À l’occasion de l’exposition House of Skin à la Cinémathèque québécoise (du 3 janvier au 20 mars), l’artiste vidéo Sabrina Ratté répond à nos questions autour de son travail qui, à l’image de l’œuvre de David Cronenberg à laquelle son installation rend hommage, questionne notre rapport aux technologies analogiques et numériques.

Pour commencer, pourrais-tu nous parler de ton rapport à Cronenberg et de la façon dont le projet House of Skin s’ancre dans son univers ?

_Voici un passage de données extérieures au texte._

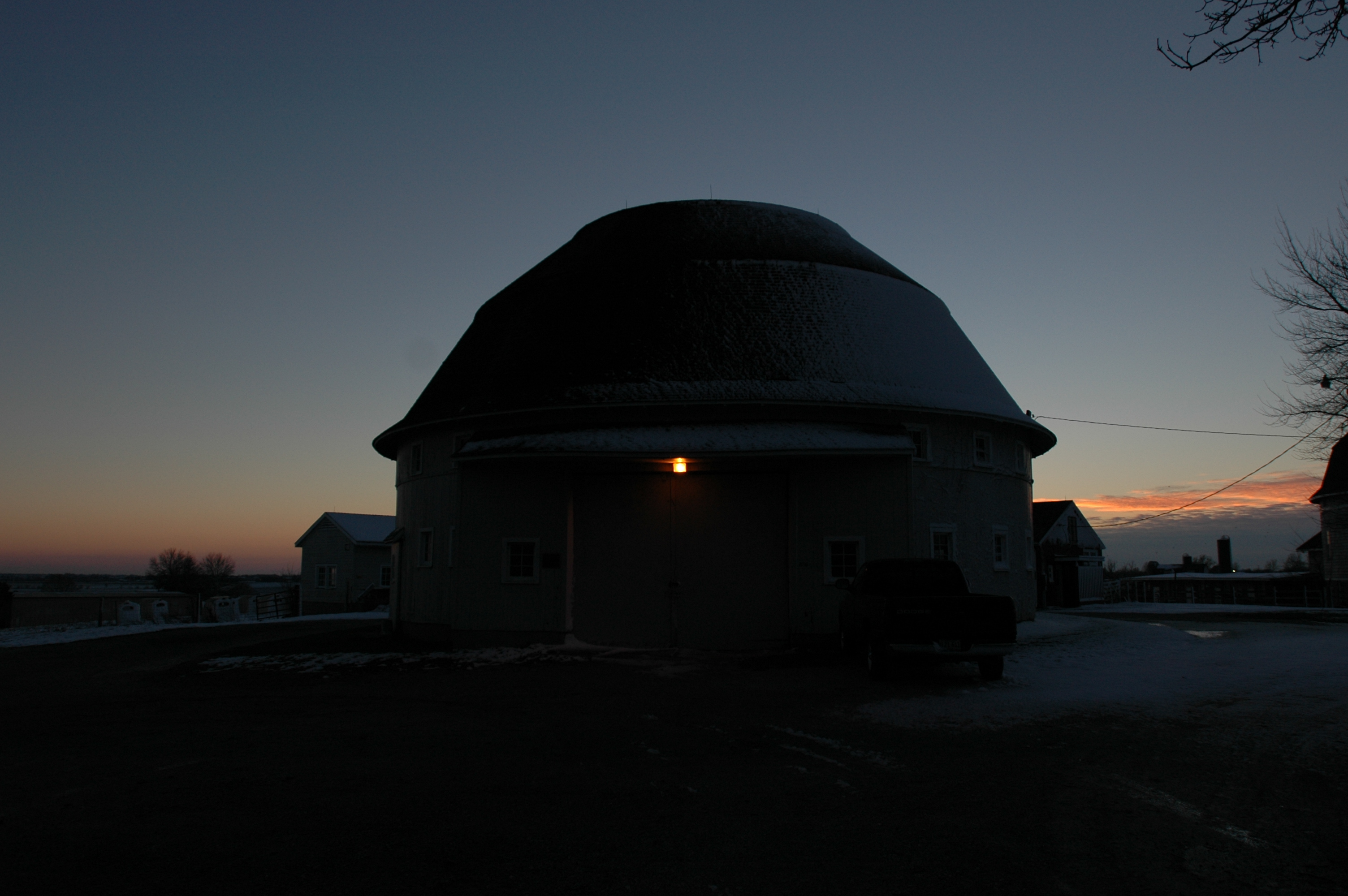 Image 53159 (ROUND BARNS, SUNSET, SNOW)

Quand la Cinémathèque m’a approchée avec cette proposition, j’ai immédiatement pensé aux différents liens que j’entretiens avec le cinéma, que j’ai étudié à l’Université Concordia. C’est un art qui continue de m’inspirer. Cronenberg étant l’un de mes cinéastes préférés, tant sur le plan conceptuel que thématique, ce fut l’occasion de me replonger dans sa filmographie. Évidemment, l’entremêlement des réflexions technologiques et organiques ainsi que notre rapport aliéné au corps et à l’architecture sont autant de thèmes qui traversent son travail et le mien. Sans oublier la question du réel et du virtuel. L’installation constitue ainsi un point de rencontre de toutes ces idées. Il y a quelques références explicites à ses films, mais ce sont principalement des évocations très libres et empruntes de subjectivité.

Il me semble que les écrit de Donna Haraway t’ont beaucoup influencée et que l’on peut trouver beaucoup d’éléments communs entre Le Manifeste Cyborg et l’œuvre de Cronenberg. Dans les deux cas, il est question de notre rapport ambivalent aux technologies qui nous “augmentent” tout en nous aliénant. En exposant dans ton installation vidéo des masses de chair en décomposition dans un environnement numérique, souhaitais-tu discuter cette idée du vivant contaminé par la technologie ?

House of Skin explore certainement l’hybridité entre la technologie et le vivant. Je souhaitais mettre en image une créature créée par nos actions et qui échappe au vivant pour aller vers devenir un être numérique, un cyborg. C’est intéressant que tu mentionnes Donna Haraway. Il y a en effet de nombreux liens à tisser entre mon travail et ses réflexions autour du post-humain.

Cette hybridité, on la trouve aussi au cœur de ta pratique, qui fait se rencontrer numérique et analogique. En l’occurrence, la Cinémathèque nous met en présence d’une gigantesque projection numérique accompagnée d’écrans cathodiques.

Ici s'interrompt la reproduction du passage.